You get the picture.

So project management is managing projects, right? Not quite. It is the planning and controlling of various resources―human beings, materials, equipment―so that the project meets the time, cost, and technical goals set for it.

Simple, right?

Not really. Project management is also a mightily complex subject that entire books have been written about. Real math-heavy types of books. So unless you want to bury your nose in ten-pound, math-filled books, you may want to outsource your project management.

  • You stand to lose money if your projects are not managed correctly―every time I’ve watched entrepreneurs manage their own projects or product development (which is technically a project), I’ve seen costs spiral out of control and schedules go to perdition.
  • You stand to lose time if your projects are not managed correctly.
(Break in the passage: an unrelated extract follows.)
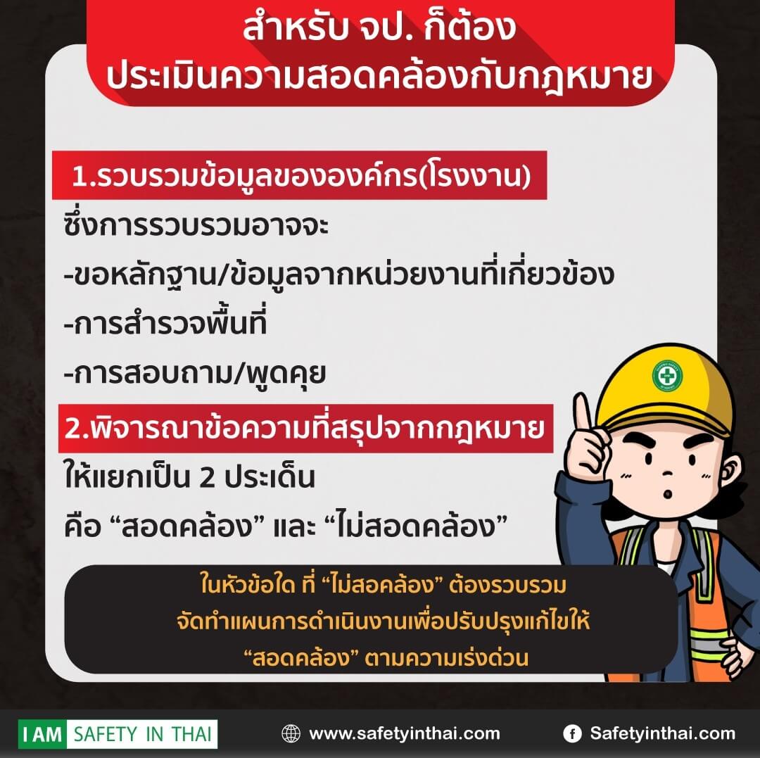 “ประเมินความสอดคล้องกับกฎหมายด้านความปลอดภัยฯ”ซึ่งมีขั้นตอน พอสังเขป ดังนี้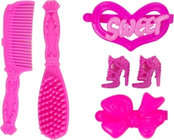 Das Set umfasst einen rosa Kamm, eine Bürste und weitere Stil-Accessoires, die Pflege und Kreativität beim Spielen fördern.

One of the key capabilities a project manager brings to the table is the ability to finish projects on a schedule.
  • An outsourced project manager can have specialized knowledge suitable to the project. For instance, I always advise people unfamiliar with Web development to hire a project manager in addition to hiring a Web design firm to make sure the vendor does things right.
  • Finally, an outsource project manager can bring much-needed objectivity and level-headedness to your project. Because an outsourced project manager “has no dog in the fight,” so to speak, you’re gaining an invaluable outside, disinterested perspective on the project.

What should you look for when you outsource project management services?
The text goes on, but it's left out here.